Above: Terrible human being Michelle Rhee.
California teachers’ unions are under a new assault by teachers suing over unions using dues for political campaigns. Members can withdraw but they don’t have full union membership. Given the makeup of the Supreme Court, I think we know where this will probably end up. Who is funding this latest attack on unionism? The Koch Brothers? Chamber of Commerce? Republican operatives? Nope. Students First.
Financial backing for the lawsuit comes from StudentsFirst, the advocacy group founded by former D.C. Schools chancellor Michelle Rhee, who has battled unions over issues ranging from teacher evaluation to charter schools. Defendants include the National Education Association, the nation’s largest teachers union, and its California chapter, the California Teachers Association. Also named are the American Federation of Teachers and its California unit, the California Federation of Teachers.
Can we please stop saying that Michelle Rhee, Students First, the charter school capitalists, or anyone else involved in the privatization of one of this nation’s most cherished, long-lasting, and successful public services cares about actual students at all? This is about profit and destroying workers’ rights. Michelle Rhee is one of the great villains of our time. She may not be the head of the organization she founded any longer, but her spirit still flows through the entire enterprise.
The voters of Kansas elected Sam Brownback governor.
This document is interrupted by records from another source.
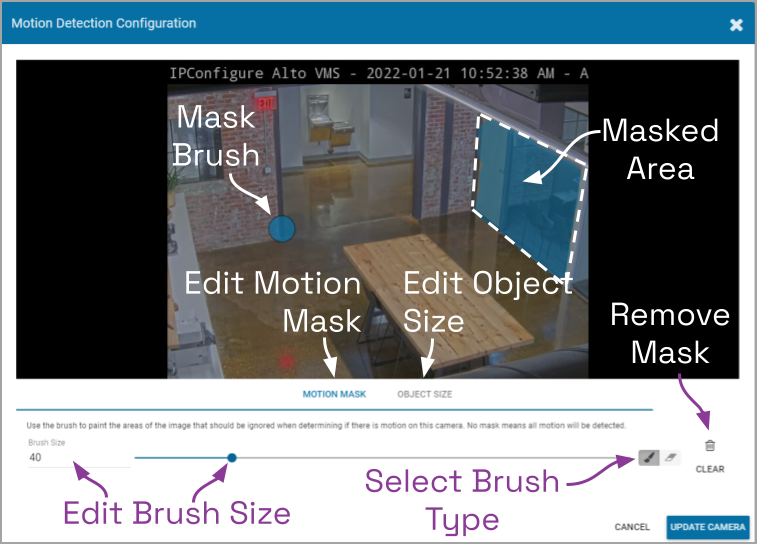 - The paint brush will add a masked area to the video image. This area will be ignored by the motion detection feature.
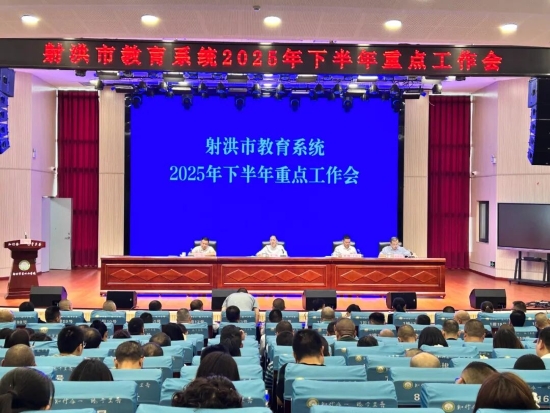 ▶9月26日,射洪市教育系统2025年下半年重点工作会在射洪四小知行讲堂顺利举行。市委教育工委书记,市教育局党组书记、局长王艳出席会议并就下半年校园安全、师德师风、周末托管、心理健康等重点工作进行安排部署。
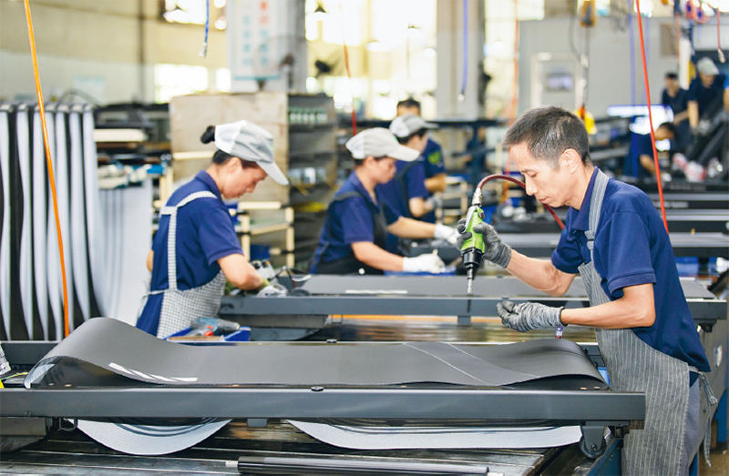 福建晋江通过提升县城产业承载能力和公共服务水平,使其成为吸纳农村人口城镇化的主阵地,又依托强大实体经济创造大量就业岗位,大力推进外来务工人员市民化,形成“全市一城、城乡共荣”的良好格局。图为2025年9月12日,晋江一家体育器材工厂的工人在车间流水线上组装跑步机。 新华社发 连静毅/摄
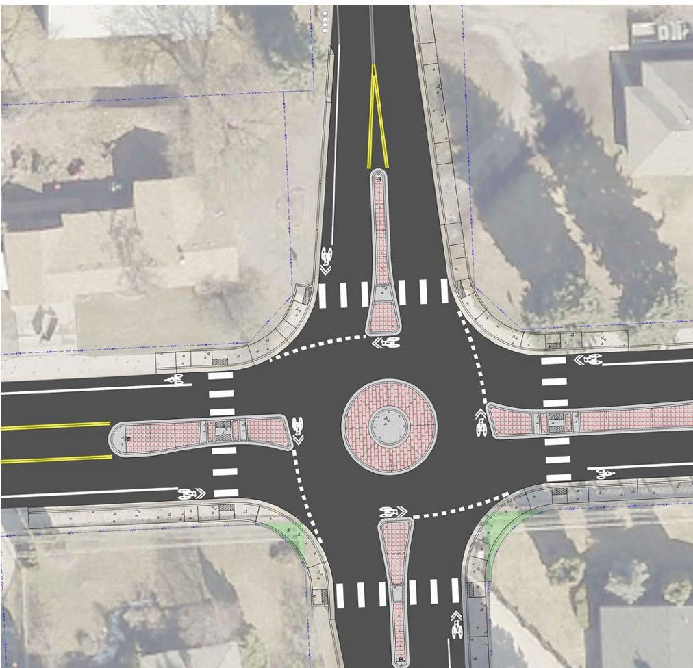 contributed photo Bowdish and 16th Roundabout change order makes larger central island, decreases the lane widths, and angles entry points to try to address excessive speeding.
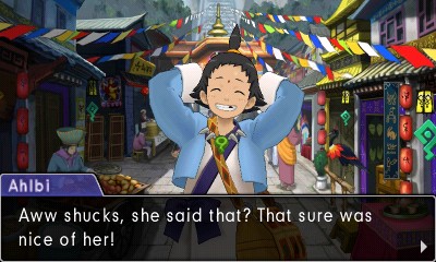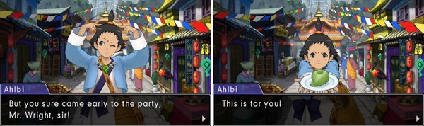 “Don’t make him look like an airhead! But make him lovable!” Mr. Yamazaki had ordered. Fulfilling such an order required a little extra attention from us in how Ahlbi expresses himself. We scripters had to pay attention to not only how Ahlbi responds to Phoenix in terms of his reaction animations or even the occasional serious facial expression, but also in terms of his emotional response to Phoenix. We express those nuances through the addition of sound effects like *smack!* *slap!* *thud!* and screen effects like flashing and screen shaking to his dialogue, though it took a fair bit of trial and error to make sure we were conveying exactly what we wanted to each time.
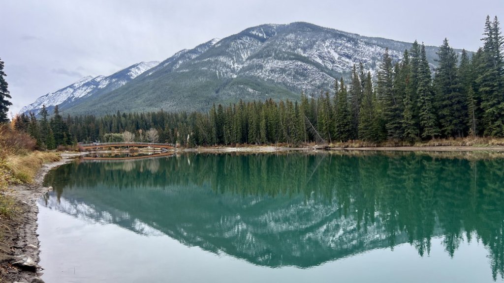 Our visit had to start at the Banff sign!The most convenient parking was at the train station. Everywhere had amazing views!We followed a path along the Bow River.Beautiful! It wasn’t too cold – yet…The British monarch is Canada’s head of state as it is part of the Commonwealth, so there were references to the Queen. We did not see any reference to King Charles!Above us was the cable car station that we would visit that evening.It was a fine hike to Bow Falls.

Then they reelected them. So now the reap what they sowed:
The economic fallout continues in Kansas, where Republican Gov. Sam Brownback recently signed a public school funding overhaul that cut millions in funding for the current school year.
Two school districts in the state are now ending the academic year early, according to the Associated Press, because they can no longer afford to stay open under the new plan.
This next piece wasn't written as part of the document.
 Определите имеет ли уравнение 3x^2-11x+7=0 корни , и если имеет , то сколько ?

The governor’s proposal, which passed the Kansas House in mid-March but was slowed by a court order that challenged parts of the plan, replaces the state’s previous education funding formula with block grants for the next couple years until legislators finalize a new formula. Critics say the proposed formula takes away millions of dollars in much-needed funding, including about $51 million this school year alone.
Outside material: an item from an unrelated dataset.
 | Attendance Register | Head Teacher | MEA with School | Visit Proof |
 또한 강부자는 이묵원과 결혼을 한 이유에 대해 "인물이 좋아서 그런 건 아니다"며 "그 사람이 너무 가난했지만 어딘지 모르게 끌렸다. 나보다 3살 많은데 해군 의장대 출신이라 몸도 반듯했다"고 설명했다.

Brownback has received the brunt of the blame for Kansas’ fiscal woes after he spent his first term slashing taxes and promising an economic boom that never came. Instead, his “real live experiment” in applying conservative tax principles led to debt downgrades, weak growth, and left the state’s finances in ruins.
Sure Kansas children are falling behind those of every other state in the nation. But who doubts that Brownback could win reelection again, term limits notwithstanding? Not I.
Since she lacks a credible primary challenger, it might be awhile before we know whether Hillary Clinton is as in the pocket of the wealthy education privatizers and Rheeists as Barack Obama. Given her close relations with the teachers’ unions and the Wall Street Democrats, she is definitely being pulled in different directions. Where she does eventually fall may tell us much about what her presidency might be like for progressives.
I confess that I am not confident.
Above: A terrible person.
George Joseph has an excellent exposé on Andrew Cuomo selling public education in New York to billionaires looking for new profits off formerly public goods. You should read it. But why has Andrew Cuomo done this? Is it because of his deeply felt but perhaps flawed concern about poor children? Of course not:
Clearly, the governor’s ambitions are not focused on New York State any longer. A recent Quinnipiac poll, for example, indicates Cuomo’s education proposal has lowered his overall approval rating to its lowest in office, with only 28 percent in support of and 63 percent against his massive reform plan. While 50 percent support his advocacy of charter schools, an overwhelming 71 percent do not believe teachers should be evaluated based on student test scores, and 65 percent do not believe such scores should determine tenure. Furthermore, if Cuomo was at all interested in staying in New York, he would not be waging an all out war against the state’s still formidable teachers’ union, once considered the preeminent political force in Albany. “Andrew Cuomo’s career is based on copying everything Bill Clinton ever did, going against teachers’ unions with the support of billionaires, just like the Clintons did with Walmart,” argues one Albany lobbyist to The Nation. “He’s not especially original, but he’s tough, mean, and can execute a plan. He doesn’t give a rats’ ass about education, he just wants Wall Street money. He sees the backing of billionaires key to his future success.”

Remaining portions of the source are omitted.